### DATA SHOWN
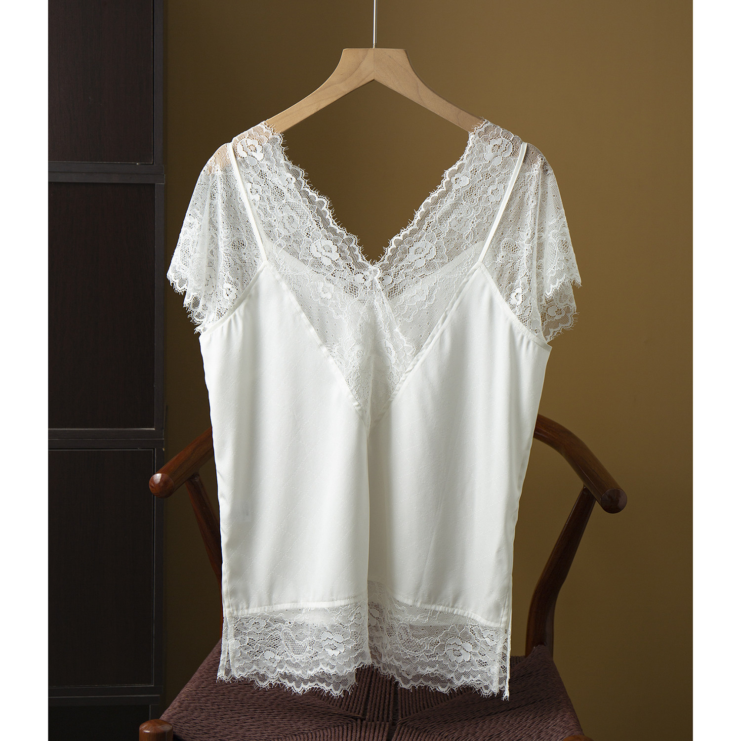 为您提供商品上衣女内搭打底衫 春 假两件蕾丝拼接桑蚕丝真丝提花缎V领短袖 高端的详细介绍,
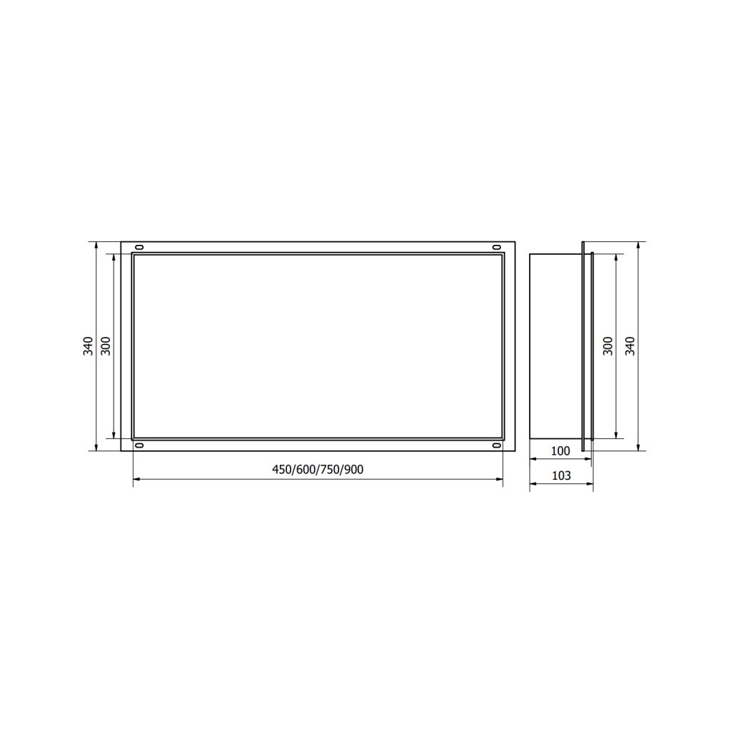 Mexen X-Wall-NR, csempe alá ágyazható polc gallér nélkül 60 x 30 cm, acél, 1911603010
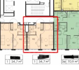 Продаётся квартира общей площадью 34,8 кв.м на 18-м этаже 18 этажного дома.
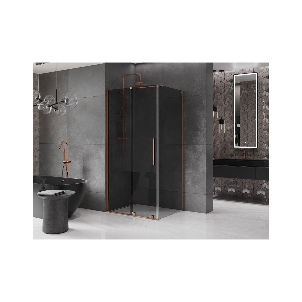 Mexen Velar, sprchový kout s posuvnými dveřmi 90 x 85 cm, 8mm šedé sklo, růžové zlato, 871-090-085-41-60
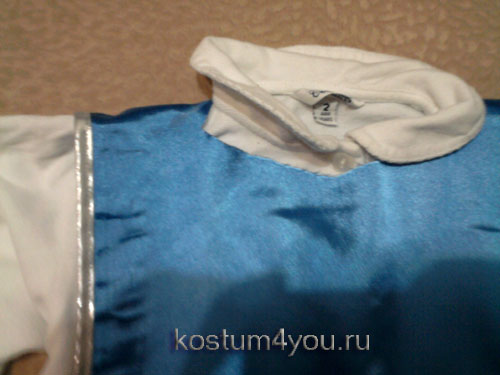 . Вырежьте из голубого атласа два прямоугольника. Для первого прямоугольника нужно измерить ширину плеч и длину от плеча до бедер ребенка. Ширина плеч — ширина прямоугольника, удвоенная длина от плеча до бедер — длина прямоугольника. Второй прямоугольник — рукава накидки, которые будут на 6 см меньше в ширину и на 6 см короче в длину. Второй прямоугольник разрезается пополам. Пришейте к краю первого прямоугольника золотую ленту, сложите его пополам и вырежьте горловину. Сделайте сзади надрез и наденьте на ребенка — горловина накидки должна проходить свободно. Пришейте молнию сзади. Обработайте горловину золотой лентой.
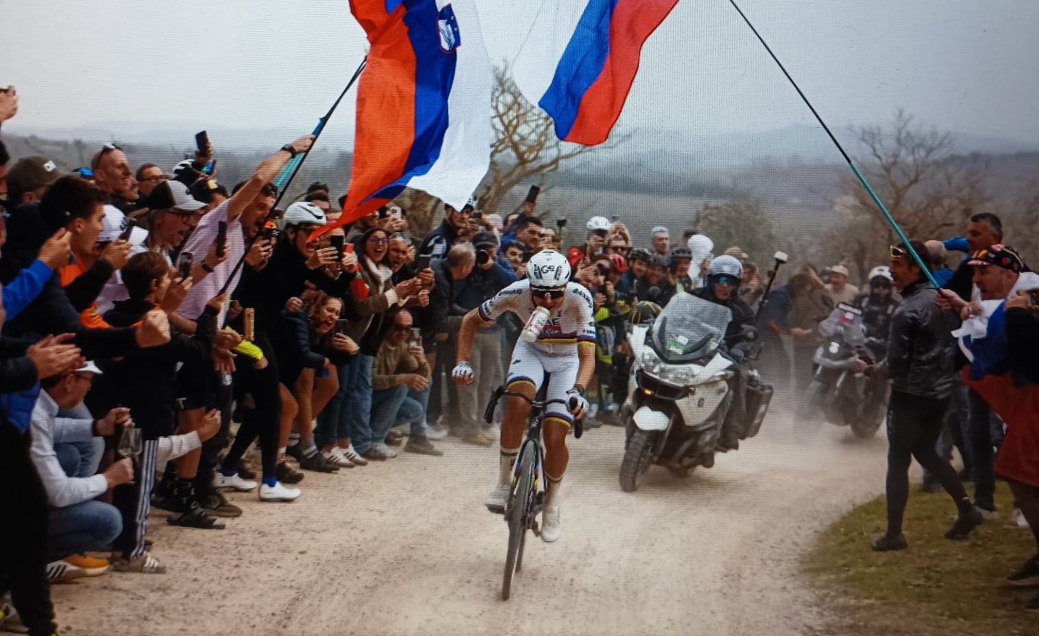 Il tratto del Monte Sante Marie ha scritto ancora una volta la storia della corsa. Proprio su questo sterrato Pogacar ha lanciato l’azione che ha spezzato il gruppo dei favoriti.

...

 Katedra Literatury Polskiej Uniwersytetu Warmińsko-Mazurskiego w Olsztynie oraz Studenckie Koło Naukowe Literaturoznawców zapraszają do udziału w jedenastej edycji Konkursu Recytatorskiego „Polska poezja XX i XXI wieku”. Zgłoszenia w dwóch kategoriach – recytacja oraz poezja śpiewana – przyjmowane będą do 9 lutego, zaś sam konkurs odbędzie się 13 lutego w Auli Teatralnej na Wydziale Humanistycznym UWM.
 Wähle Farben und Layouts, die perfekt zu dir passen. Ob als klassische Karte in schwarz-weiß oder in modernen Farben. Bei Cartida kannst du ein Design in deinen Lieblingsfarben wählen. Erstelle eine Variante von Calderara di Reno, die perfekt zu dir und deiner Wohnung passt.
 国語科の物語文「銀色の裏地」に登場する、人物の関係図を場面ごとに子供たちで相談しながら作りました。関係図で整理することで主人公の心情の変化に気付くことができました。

### TASK ITEM
Within the listing above, write out the stretch from the line with "Mexen X-Wall-NR, csempe" through the line with "Mexen Velar, sprchový" exactly. Any pictures are to be left out.

### ANSWER TO THE EXERCISE
 Mexen X-Wall-NR, csempe alá ágyazható polc gallér nélkül 60 x 30 cm, acél, 1911603010
 Продаётся квартира общей площадью 34,8 кв.м на 18-м этаже 18 этажного дома.
 Mexen Velar, sprchový kout s posuvnými dveřmi 90 x 85 cm, 8mm šedé sklo, růžové zlato, 871-090-085-41-60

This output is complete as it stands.